GTech, the operator of Italy’s state lottery, and owner of the Spielo brand, has emerged as a front runner in the bid to buy International Game Technology.
The Italian company confirmed it was discussing a potential purchase stating it was holding ‘preliminary, exploratory discussions regarding a potential acquisition.’
It would use a combination of shares and cash, according to an Italian Exchange statement, although it added there was no guarantee the talks would lead to an agreement.
IGT’s shares increased by 11 per cent on June 13 in New York after reports of potential bidders included GTech, Apollo Global Management, Carlyle Group and MacAndrews & Forbes. MacAndrews owns close to 40 per cent of Scientific Games.
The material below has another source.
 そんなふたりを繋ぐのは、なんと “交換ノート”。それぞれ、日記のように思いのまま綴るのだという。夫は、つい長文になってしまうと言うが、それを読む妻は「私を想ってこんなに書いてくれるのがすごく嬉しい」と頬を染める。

GTech employs 8,600 people and operates in 60 countries. Owned by Italian publisher De Agostini SpA, it reported revenue of about €3.1bn ($4.2bn), with net income of €175.4m in 2013.
IGT has issued a statement saying it is merely looking at a ‘broad range of strategic alternatives.’
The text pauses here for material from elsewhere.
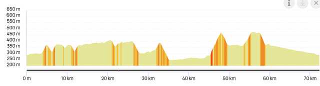 Distance 71km Dénivelé positif 874m

“IGT regularly considers, and on occasion explores, a broad range of strategic alternatives, including but not limited to business combinations, changes to our capital structure and adjustments to our portfolio of businesses, with the goal of maximizing shareholder value,” the company stated. “The IGT Board of Directors and senior management are currently engaged in such an exploration, but no decisions have been made by the Board regarding any particular alternative available to the Company and there can be no assurances that any transaction or other strategic change will be entered into as a result of the current exploration of alternatives. IGT does not intend to discuss or disclose developments with respect to this general subject unless and until the Board has approved a definitive course of action.”